Carnivorous plant responses to resource availability: environmental interactions, morphology and biochemistry

Understanding how organisms respond to resources available in the environment is a fundamental goal of ecology. Resource availability controls ecological processes at all levels of organisation, from molecular characteristics of individuals to community and biosphere. Climate change and other anthropogenically driven factors are altering environmental resource availability, and likely affects ecology at all levels of organisation. It is critical, therefore, to understand the ecological impact of environmental variation at a range of spatial and temporal scales. Consequently, I bring physiological, ecological, biochemical and evolutionary research together to determine how plants respond to resource availability.

In this thesis I have measured the effects of resource availability on phenotypic plasticity, intraspecific trait variation and metabolic responses of carnivorous sundew plants. Carnivorous plants are interesting model systems for a range of evolutionary and ecological questions because of their specific adaptations to attaining nutrients. They can, therefore, provide interesting perspectives on existing questions, in this case trait-environment interactions, plant strategies and plant responses to predicted future environmental scenarios.
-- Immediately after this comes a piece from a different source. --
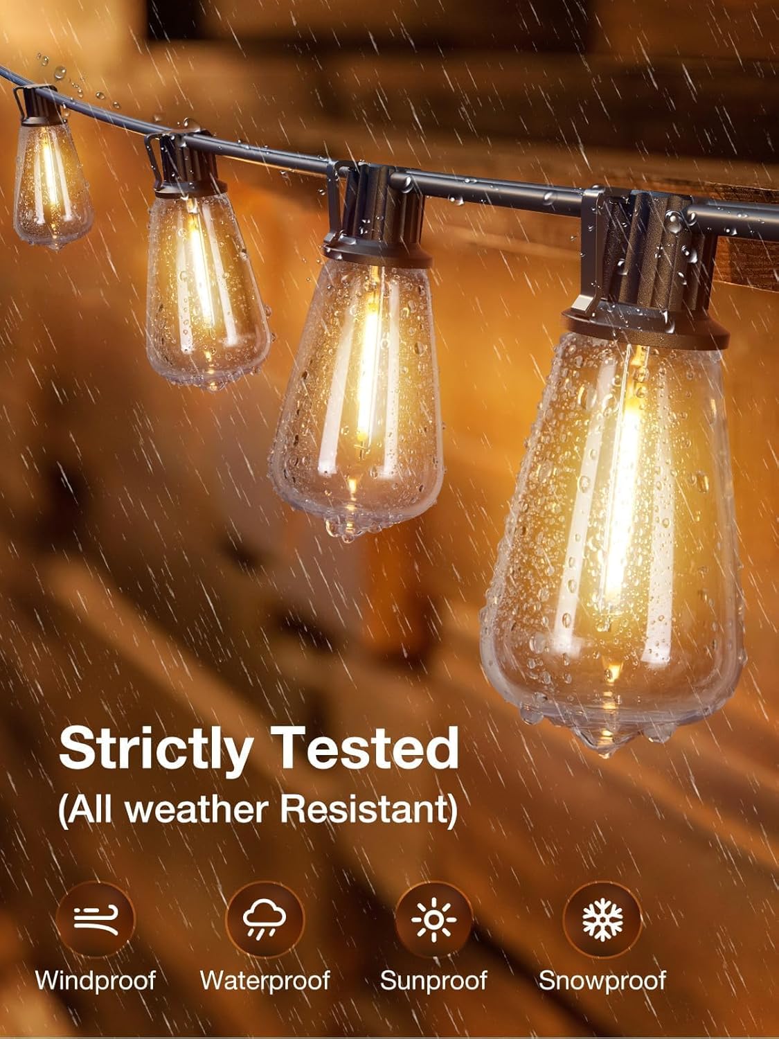 - Weatherproof and Shatterproof: IP65 Waterproof led string lights can withstand cloudy, damp, windy, foggy, rainy, snowy, or extreme temperatures,This making it ideal for year-round use in outdoor spaces like patios, gardens, and bistros, creating a festive and inviting atmosphere. Besides, these led bulbs made from unbreakable PET material and hard anti-drop plastic shells. This ensures the safety of your family, as there is no risk of broken glass shards while hanging these backyard lights
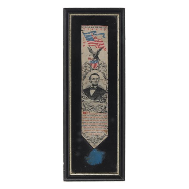 The first is a scarce oversize ribbon from 1861 designed by S. Chèvre and made by Isaac Dreyfus of Basel, Switzerland in order to celebrate Lincoln's first inauguration (5 x 9-3/8 in.) (minor spotting, else crisp and clean); the second ribbon is an elusive memorial from 1865 featuring an abbreviated excerpt from the slain President's second inaugural speech (2.75 x 14 in.)(light browning with some fracturing to the silk).

In a manipulative experiment, I measured the phenotypic plasticity of naturally shaded Drosera rotundifolia in response to disturbance mediated changes in light availability over successive growing seasons. Following selective disturbance, D. rotundifolia became more carnivorous by increasing the number of trichomes and trichome density. These plants derived more N from prey and flowered earlier. This suggests that D. rotundifolia extend their fundamental niche in part due to phenotypic plasticity into environments that are shaded and are, for non-carnivorous plants, high in stress and disturbance—untenable environments according to universal adaptive theory.
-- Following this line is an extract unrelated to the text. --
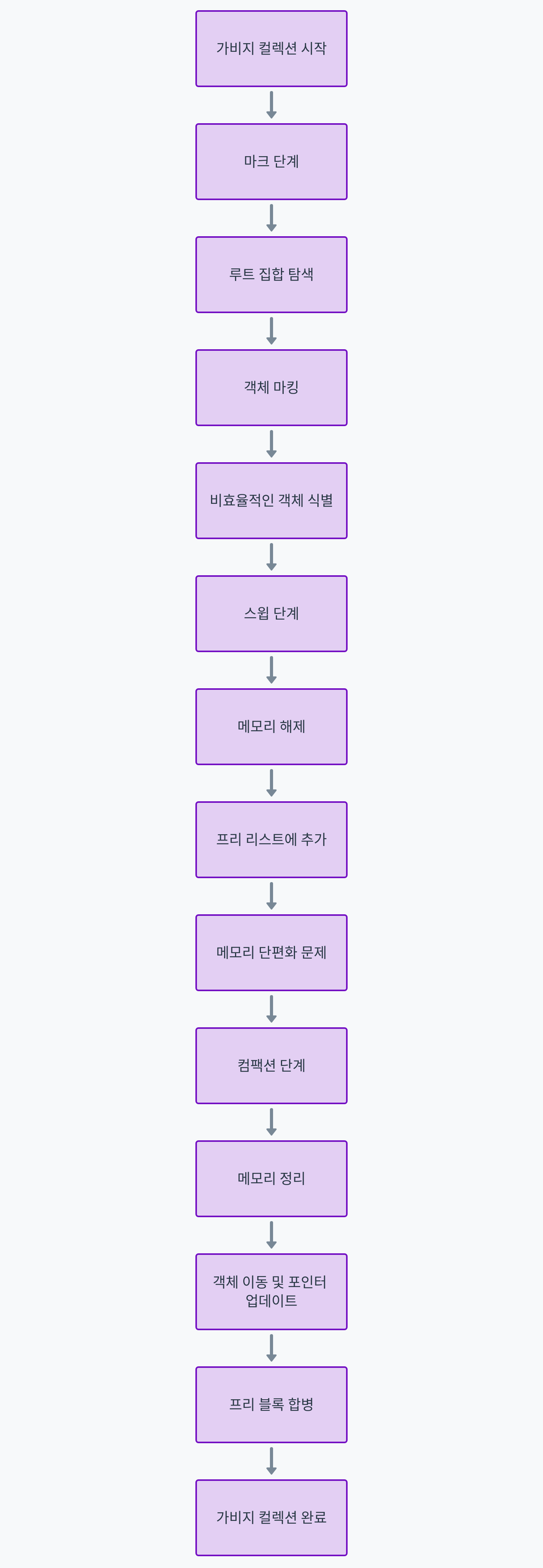 가비지 컬렉션의 전체 과정은 크게 세 단계로 나뉩니다: 마크, 스윕, 컴팩션. 이 과정은 다음과 같이 요약할 수 있습니다:

In an observational study on peatlands across Europe, I investigated how habitat heterogeneity and climate-driven changes in nutrient availability impact on D. rotundifolia trait variability. I found that patterns of hydrology and light are consistent across peatlands. But, climate driven N accumulation alters the expression of carnivory which can reverse expected patterns of trait expression. These findings have implications for predicting the ecological impacts of climate change, as patterns of precipitation and evaporation may have different consequences depending on specific local topology and climate norms and can have significant impacts at small spatial scales, to the extent that entire habitats may be lost.
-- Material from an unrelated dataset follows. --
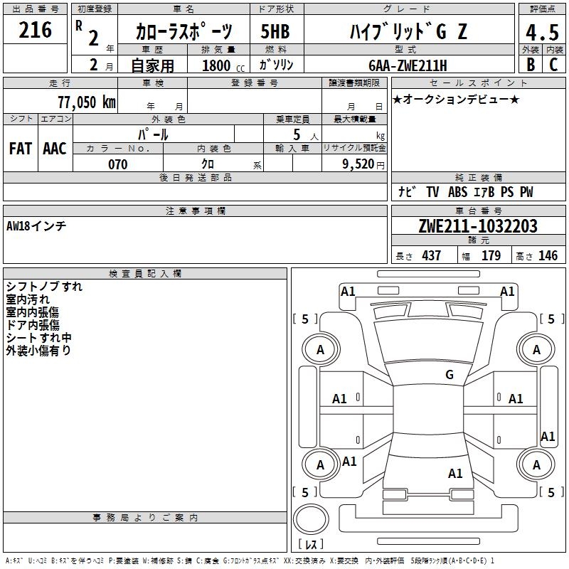 TOYOTA COROLLA SPORT HYBRID G Z - лот 216

I conducted a research review to determine the role of secondary plant metabolites in carnivory. This identified similar patterns of metabolite production among closely- and distantly-related carnivorous taxa, which suggests that secondary metabolites are important for plants to facilitate carnivory. The review supports the hypothesis that secondary plant metabolites are drivers of plant diversification and evolution of plants into new environments.

In a laboratory experiment using Drosera capensis, I measured the metabolic response of trap tissue to simulated prey capture, using an omics approach. There was a substantial response to simulated prey capture. More compounds were up-regulated following prey capture than expected (over 30 times more than currently identified across all carnivorous species). In addition, changes in several metabolites suggested that their function is different to that previously reported.

The findings of this thesis highlight substantial phenotypic plasticity and intraspecific trait variation as a means for plants to cope with environmental resource availability and variability. Furthermore, it is clear that climate interacts with processes of nutrient availability, hydrology, and subsequent vegetation patterns which means that accurate predictions of species responses to climate change must be highly contextualised to local environments. The findings of this thesis also suggest that secondary metabolites may hold a significant role in the response and survival of plants to changing environments as they have the propensity for plants to adapt at a rate faster than mutation.